- Date: 8–14 November
- Edition: 20th
- Location: Aachen, Germany

Champions

Singles
- Dustin Brown

Doubles
- Ruben Bemelmans / Igor Sijsling
| Lambertz Open by STAWAG |

= 2010 Lambertz Open by STAWAG =

The 2010 Lambertz Open by STAWAG was a professional tennis tournament played on carpet. It was the 20th edition of the tournament which is part of the 2010 ATP Challenger Tour.
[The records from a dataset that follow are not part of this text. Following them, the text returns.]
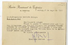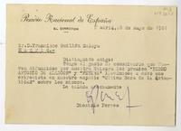 Madrid, España [a] Francisco Guillén Salaya Tarjeta, 1961 mayo 18, [manuscrito] Dionisio Porres Gil.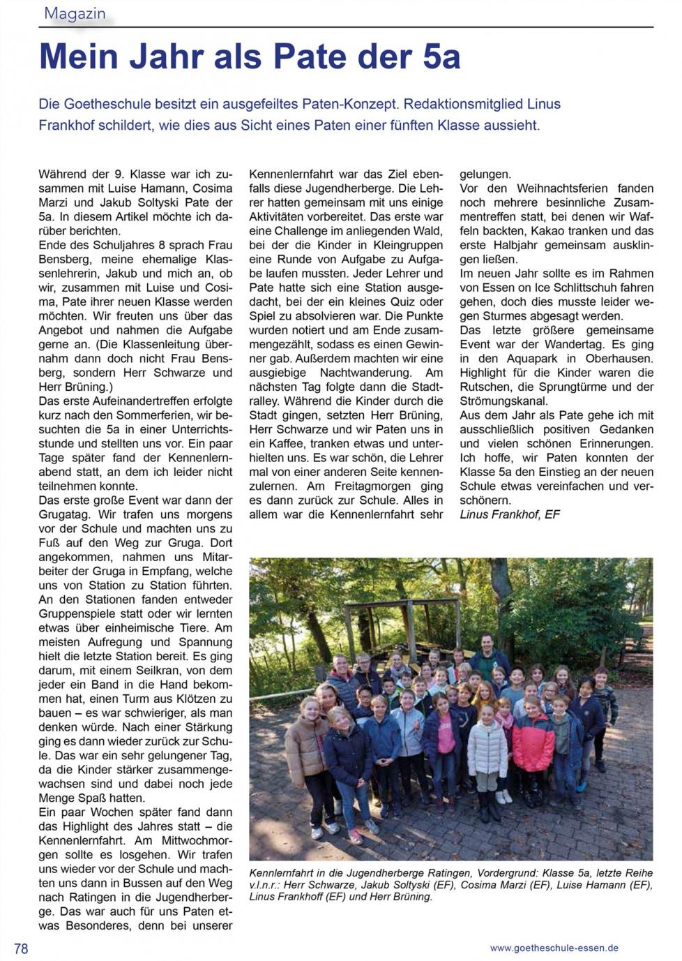 Eine neue Schule zu besuchen, sich zurecht zu finden, sich neue Namen, neue Fächer, Fachräume zu merken, sich an veränderte Stunden- und Pausenzeiten zu gewöhnen, sich in der Schule, die so viel größer als die ehemalige Grundschule ist, zu orientieren, ist einerseits positiv aufregend, aber auch anstrengend. Um den neuen Fünftklässlern den Einstieg in den Schulalltag an der Goetheschule zu erleichtern, wird jede der 5. Klassen von 4 Paten, Schülerinnen und Schüler der Oberstufe, begleitet.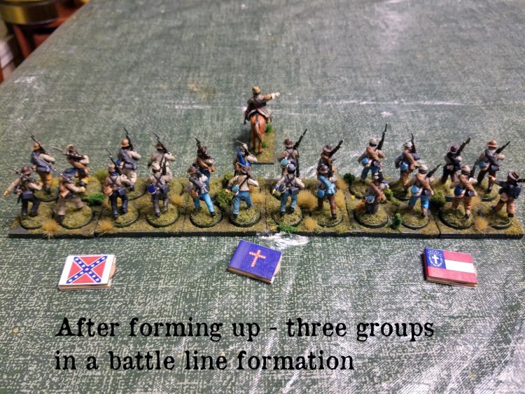 Lets say we now have three groups together in a formation, and they're in an open march column as they haven't yet encountered the enemy. However they've spotted skirmishers in their front and need to shake out into a battle line.

It took place in Aachen, Germany between 8 and 14 November 2010.

==ATP entrants==

===Seeds===

| Country | Player | Rank^{1} | Seed |
|---|---|---|---|
| GER | Dustin Brown | 103 | 1 |
| BEL | Steve Darcis | 105 | 2 |
| SVN | Blaž Kavčič | 110 | 3 |
| BUL | Grigor Dimitrov | 112 | 4 |
| GER | Julian Reister | 116 | 5 |
| LTU | Ričardas Berankis | 117 | 6 |
| NED | Jesse Huta Galung | 121 | 7 |
| GER | Denis Gremelmayr | 133 | 8 |

- Rankings are as of November 1, 2010.

===Other entrants===
The following players received wildcards into the singles main draw:
- GER Leif Berger
- SRB Marko Djokovic
- GER Gero Kretschmer
- GER Willi Peter

The following players received entry from the qualifying draw:
- BEL Maxime Authom
- SUI Adrien Bossel
- FRA Baptiste Dupuy
- FRA Pierre-Hugues Herbert

==Champions==

===Singles===

GER Dustin Brown def. NED Igor Sijsling, 6–3, 7–6(3)

===Doubles===

BEL Ruben Bemelmans / NED Igor Sijsling def. GBR Jamie Delgado / GBR Jonathan Marray, 6–4, 3–6, [11–9]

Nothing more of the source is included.